There could be companies and organizations rewarding "bad" behaviors and discourage "good" ones, and they do so to their own detriment. While this may appear to serve the company/organization's aims, one wonder if the "bad" CEO calculated the cost to the organization of losing the talent he alienated and having to recruit, train, and indoctrinate replacements? If so, was that cost worth the benefit of whatever outcomes the tough boss has achieved? Companies/organizations almost never look at the direct and indirect costs of "bad" or "tough" boss behavior because they are less visible than the potentially good outcomes the "bad" boss may achieve (but perhaps not less costly).
The cost of creating fiction instead of being honest with employees is the reduction in creativity, production and commitment they have to the overall good of the company. A feeling that you cannot trust the veracity of your superiors introduces worry and insecurity into the worker. That worry, combined with the general letdown, might cause the slide of the productivity. More to the point, it may cause someone to not suggest a radical change to a product or service that would double the profitability.
Managers shouldn't be 'old softies' who don't hold their employees accountable, they should insist on excellence from them, AS WELL AS from themselves. An excellent manager will inspire loyalty from excellent employees, who will stay on and help fight through downturns and troubled times, even when they could have better opportunities elsewhere. If the captain stays with the ship, the First Mate and others are more likely to stay with them.
Nasty may never be good! The same can be said for being cold or aloof. Unfortunately, such adjectives have come to equate superior knowledge??? By whose definition? The irony is that the opposite is more often true. Being understanding in approach does not mean one is soft. Seek first to understand is the mark of a strong mind and demands more courage than many percieive.

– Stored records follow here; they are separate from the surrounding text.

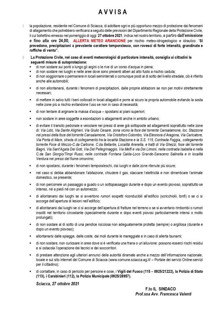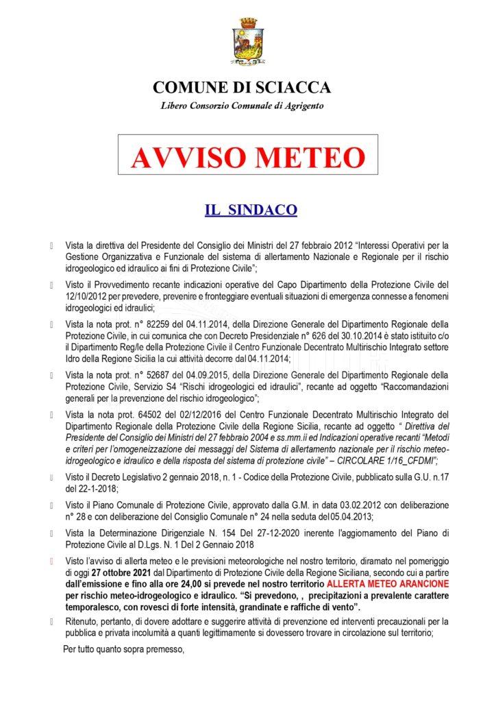 Dopo il bollettino della Protezione Civile regionale anche la sindaca Francesca Valenti, ha diramato un nuovo avviso di allerta meteo arancione. Le condizioni meteo previste restano in tutta l’isola avverse.
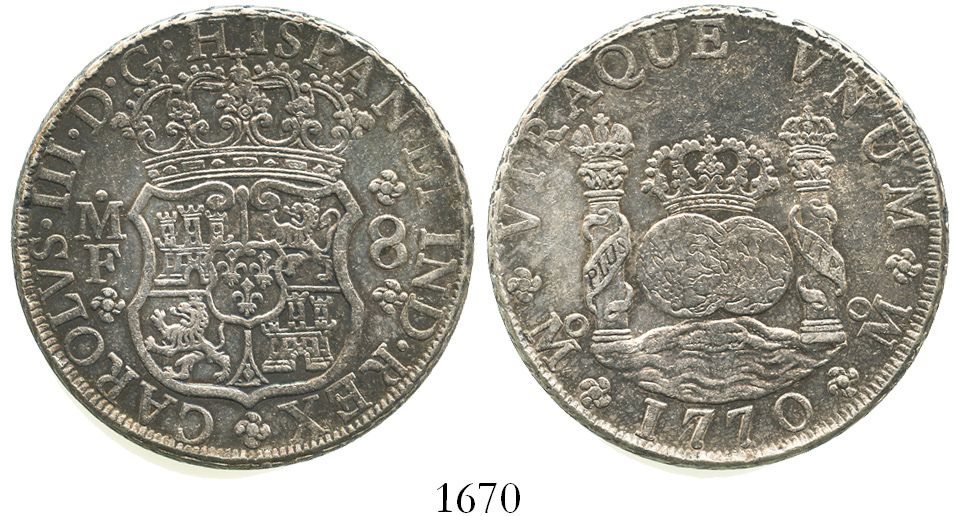 Mexico City, Mexico, pillar 8 reales, Charles III, 1770MF. KM-105; CT-910. 27.0 grams. Attractively toned AU-, parts of the rims slightly crude but overall a very nice example.
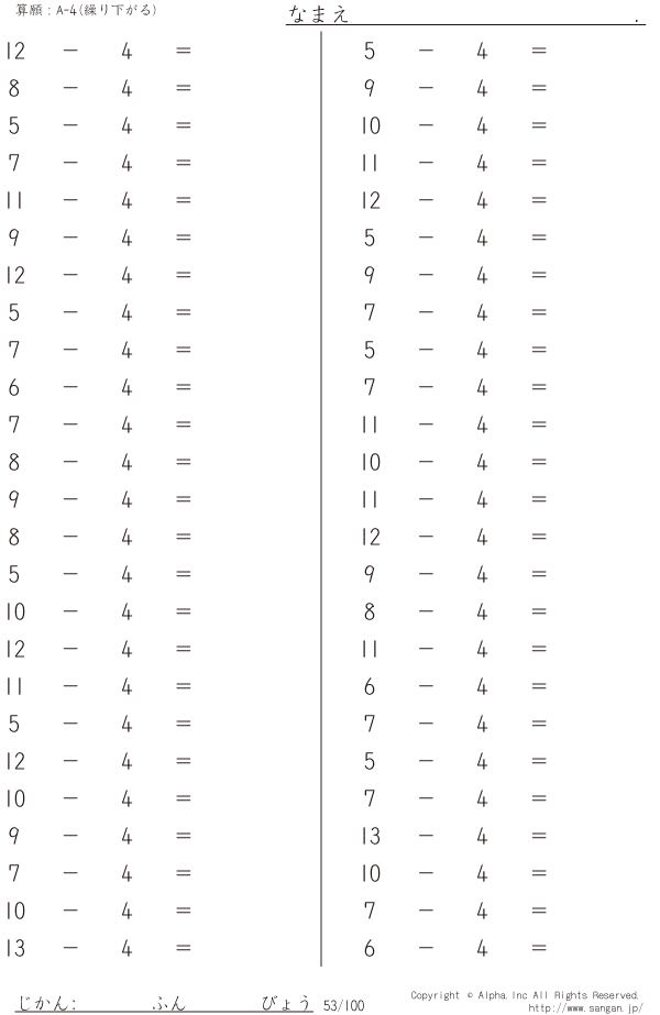 上記のボタンから「A-4…繰り下がりあり」の算数数学ドリル・計算ドリル(PDFプリント)がダウンロードできます。個人利用は無料です(家庭以外での配布は有料です)。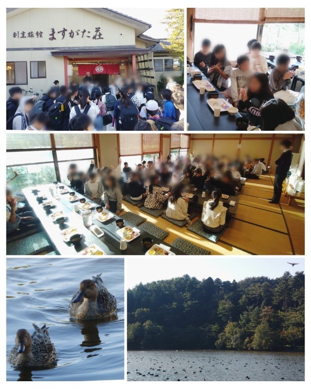 旅館は貸切。今日は入浴して寝るだけですが、子どもたちはなかなかのハイテンションです。「男子化粧室」という表示を見て、「え〜っ、男の人も化粧するんや……」と言っている女子(6年!)がいました。実に石小っ子です(?)。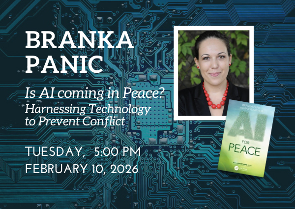 We are pleased to welcome Branka Panic for her talk Is AI Coming in Peace? Harnessing Technology to Prevent Conflict on Tuesday, February 10, 2026 at 5:00 pm at La Casona Event Center. Drawing on real-world examples and emerging research, Branka will explore how AI is already shaping global security, diplomacy, and social stability—and how thoughtful design and governance could help steer these tools toward reducing violence rather than fueling it.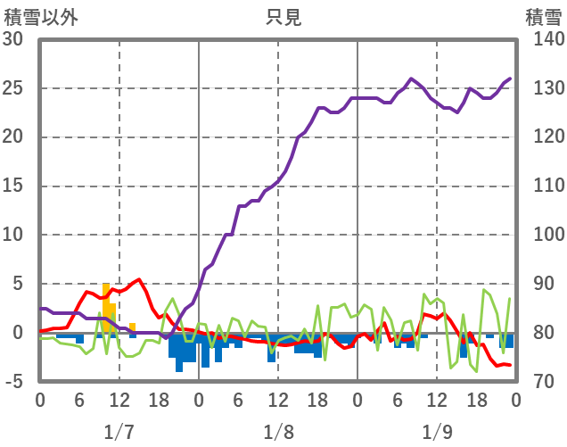 | 日 | 時 | 気温 | 降水 | 風向/風速 | 日照 | 積雪 | 降雪 |

Leadership is now and always has been about influence. There is no conflict in the different types of behavior. As Ken Blanchard has known for years, the appropriate behavior for a leader is situational. Sometimes requiring directive behavior; other times requiring supportive and all of the nuances in between (coaching, collaborating, delegating...).
It was written in the late 1990's that there is a dearth of leadership talent in the ranks of corporate companies. Far too many experienced leaders were discarded leaving a vacuum. Too many people found themselves in leadership positions who had never been given the opportunity to observe and learn about how to lead. We have come to equate leadership with having an MBA, having read a certain number of books, or success in "climbing the ladder". These things can certainly be positive, but will not teach leadership. Leadership is an acquired skill requiring time, observation,learning, failure, examination, and practice; no different than the practice of medicine or law. Like an apprentice good leaders usually had the benefit of good example. We now suffer from leaders who have never had the benefit of observing real leaders practicing their craft. Now young leaders get up there purely by chances or just happened to be someone leaving the seat. They have less experience and not being trained to take on challenges before.
The older and senior employees are finding that the hard won knowledge, skills and capabilities earned while being loyal are no longer valuable in the employment market place. Good luck to those organization with bosses thinking they have the great idea to move ahead with inexperience employees.